Whenever something piques their interest, they experiment in their home kitchen. The burgeoning local beer scene also helps — the couple just taps into what brewers are doing here.
“It happens organically,” says Shelley. “I remember being in Rozi’s in Lakewood and they had a rum-aged beer. I was instantly like, Let’s do something with eggnog.”
A recent muse has been Platform Beer Co.’s Yammy Yammy sweet potato ale.
“I really want to do a sweet potato doughnut with a brown butter glaze and a torched marshmallow drizzle,” says Shelley. “You see pumpkin ales and ciders and stuff for fall, but this was a unique spin they were putting on a seasonal. It gave me the opportunity to do something more original and be creative.”
But first they’re focused on the electrical and framing for the new space, then picking out finishes and figuring out the operation side.
“We’ve never done a project of this size,” says Shelley.
A grand opening is in the works for late February or early March. When complete, the space will have a long bar with side communal seating along the large windows. An old-school jukebox will play tunes and a vintage bowling game will offer continuous entertainment. People can come in the morning for a cup of Phoenix coffee or at night for a pint of beer — always with a doughnut, of course.
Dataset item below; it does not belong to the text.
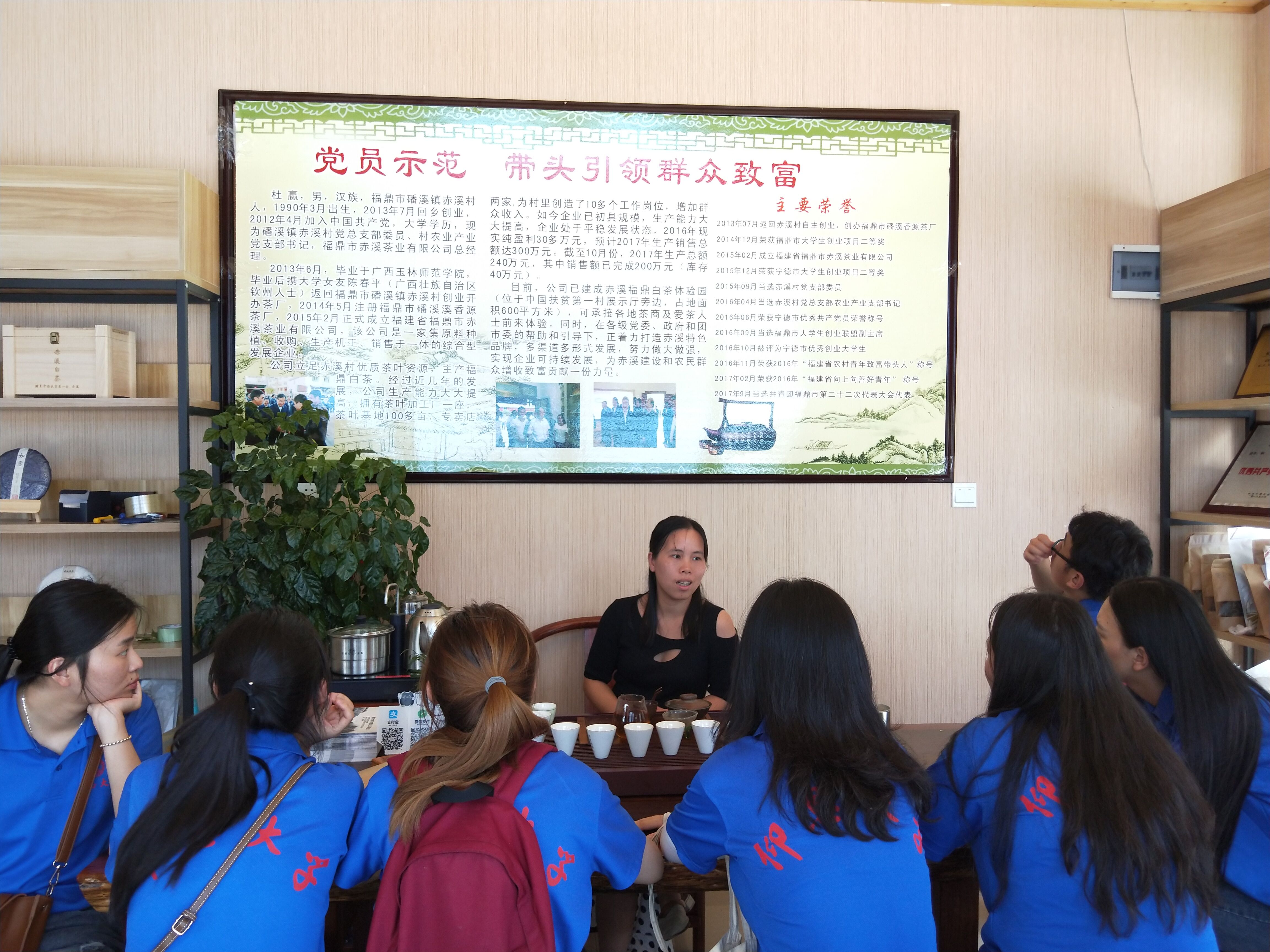 赤溪村有相关政策鼓励大学生“返乡”创业,为当地注入新的人才力量。于是,实践队来到了大学生创业示范点,党员陈春平为实践队阐述了创业过程的艰辛及做到现在的小有成就,也用行动力证明了自己的“返乡”的选择是正确的,不仅一定程度上改变了村民的思想,还带动更多的大学生“返乡”创业,同时,实践队随创业者一同去茶园和制茶工作坊参观,了解采摘、萎凋、烘干以及保存4道工序。党员陈春平正着力打造赤溪特色品牌,实现企业可持续发展,带动当地经济发展。

“We’ll have a TV on the wall so people can watch morning cartoons and sporting events,” Shelley says. “It will really be a hangout spot.”
Points of Interest
Wake-up call: At first, adjusting to being bakers had John and Shelley’s natural clocks out of whack. “You’re never ready for it. We are getting up at 4 or 5 a.m. every day to produce the doughnuts,” explains John. “But then we’re doing work up until 10 p.m. like marketing or getting events set up. We never go to sleep when we should.”
Dearly beloved: The two had their hands full catering about 40 weddings in 2015 — while they were planning their own nuptials. “We were basically booked every Saturday of wedding season. It was a wild time,” Shelley says. “I think us getting married was the easiest part of 2015,” laughs John.
Free range: Surprisingly, the couple doesn’t really eat doughnuts. On mornings when they’re not in the kitchen, they enjoy a heartier breakfast at Lucky’s Cafe. “We’re both such meat-and-potatoes kind of people,” says Shelley.